The American Cancer Society, Lichtenfeld says, disagrees and continues to recommend routine screening mammograms for women age 40 and older.
Is Too Much Testing A Bad Thing?
One of the central issues upon which the USPSTF based its recommendations had to do with the harm that can come from mammography testing: psychological harm, unnecessary imaging tests and biopsies, and false-positive mammogram results in which the patient is told there could be cancer, when in fact none exists. False-positive results are more common for women aged 40 to 49 than for older women.
“They were saying they felt the risk of harm of having extra procedures outweighed the benefit from saving lives, ” Lichtenfeld says of the Task Force’s reasoning to delay mammography.
The fact is that as women age, false positive mammography results decline. That’s mainly because the density of a woman’s breasts tends to decrease with age, making it easier to find cancer. But experts say that women understand mammography has limitations and still want to be screened for breast cancer.
“Most of the women you talk to would much rather go through that process and find something early than wait, ” Evans says. “No one likes to have a false positive about anything, but it’s part of what has to be done to find breast cancer early.”
Early Detection
Both Evans and Lichtenfeld say annual screenings, rather than biannual, are especially important for women in their 40s because cancer tends to grow faster and more aggressively in younger women. Lichtenfeld takes issue with the task force’s analysis because it only looks at the number of women that need to be screened in order to save a life, but not the number of years of life saved, he says. “If you find breast cancer in a young woman and save her life, she has more years of life ahead of her. Had they used that analysis, the [task force] may have come to a different conclusion,” he says.
The federal health reform law put mammograms on its list of preventive services, which mandate that insurance plans cover the test each year with no cost-sharing. The task force’s 2002 recommendations, which state that women should begin mammography at age 40 on an annual basis, were used by the government in writing the law.

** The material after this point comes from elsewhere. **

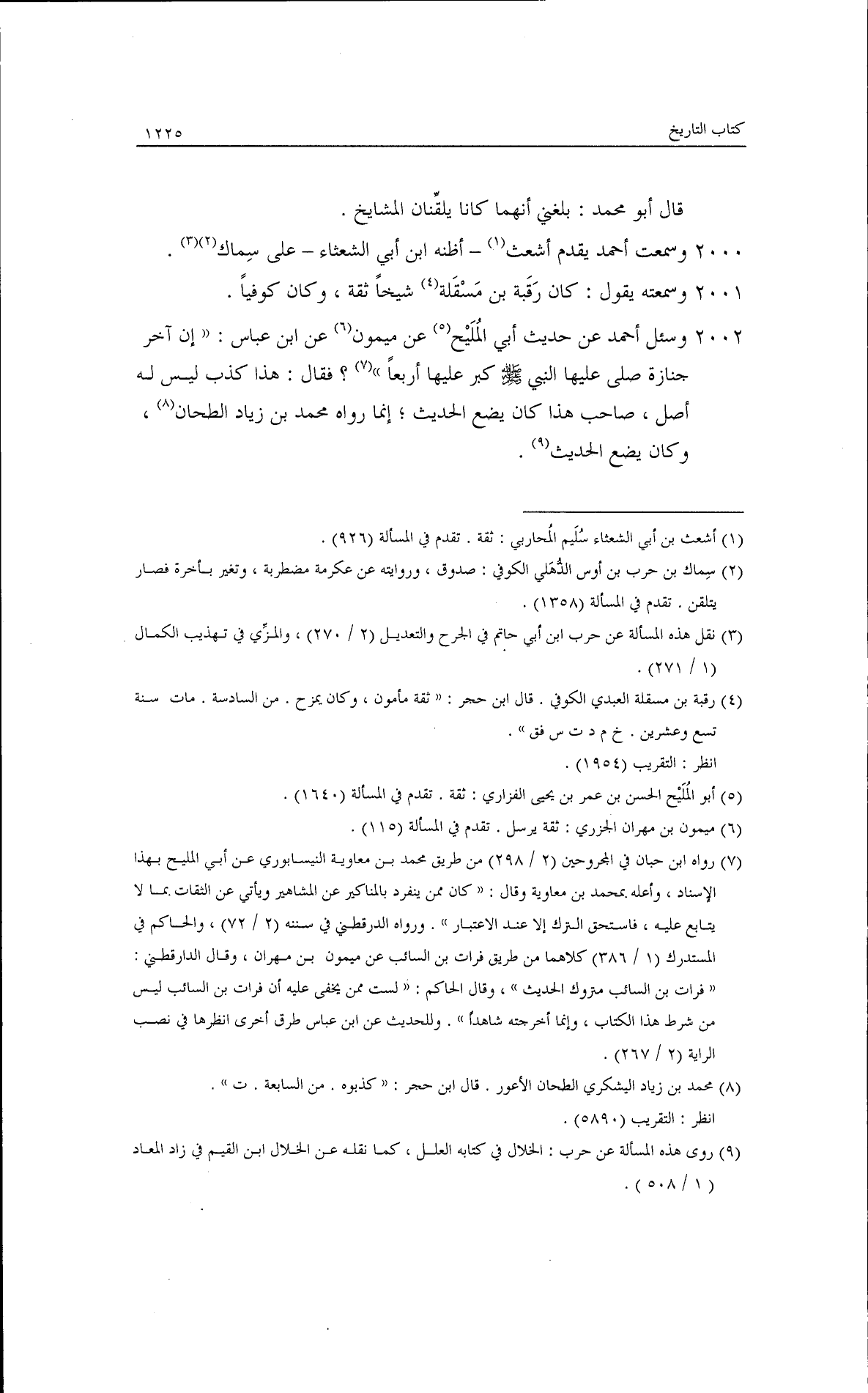 قيل لأبي عبد الله: إن بعض الناس قال: إنك لا تروي عن أبي أسامة؟ فقال: بلى، نحن نروي عن أبي أسامة. وقال: ما صح من حديث علي بن عاصم فلا بأس به. وقال: أبو معاوية أثبت في حديث الأعمش منه في غيره، وقال: هو أثبت في الأعمش من جرير، وقال: كان يحيى بن سعيد يقدم منصور والحكم على الأعمش، وقال: ما أثبت أبا نعيم وأكسبه، ولأنقدمه على ابن مهدي. وقال: كان ابن مهدي صاحب دين وخير. وقال: عند أبي نعيم نصف ما عند ابن مهدي فكيف يستويان؟ قلت لأحمد: اكتب من كتب أبي عبيد شيئًا؟ فسكت كأنه يضعف. وسألتُه عن الواقدي وأبي البحتري، فزبرني، وقال: نحن بعد في أبي البختري. وقال: آه آه.

Medical experts express concern that at some point these new recommendations will be adopted, threatening women’s ability to access and pay for annual breast cancer screening in their 40s. However, there is no indication that the government plans to stop requiring insurers to fully cover the cost of mammograms for women in this age group.
So What Should You Do?
At this point, the task force’s recommendations are in contrast with the majority of other major medical associations. Most of those groups recommend women begin getting routine screening mammograms at age 35 to 40 and to do so every year. Since African American women tend to have a higher breast cancer mortality rate, many experts agree that:
• All women should conduct consistent, monthly self-exams seven to ten days after the start of the menstrual cycle. For post-menopausal women, select one day of the month and consistently conduct a self-exam on that day.
• Women with no family history of breast cancer should have a baseline mammogram screening at 35, then regular mammogram screenings every year after 40.
• Women with a family history of breast cancer should have a baseline mammogram 10 years before youngest member diagnosed with breast cancer.
• African American women under the age of 40 with a palpable breast mass should insist on getting evaluated with a mammogram or ultrasound. Seek out a breast specialist if necessary.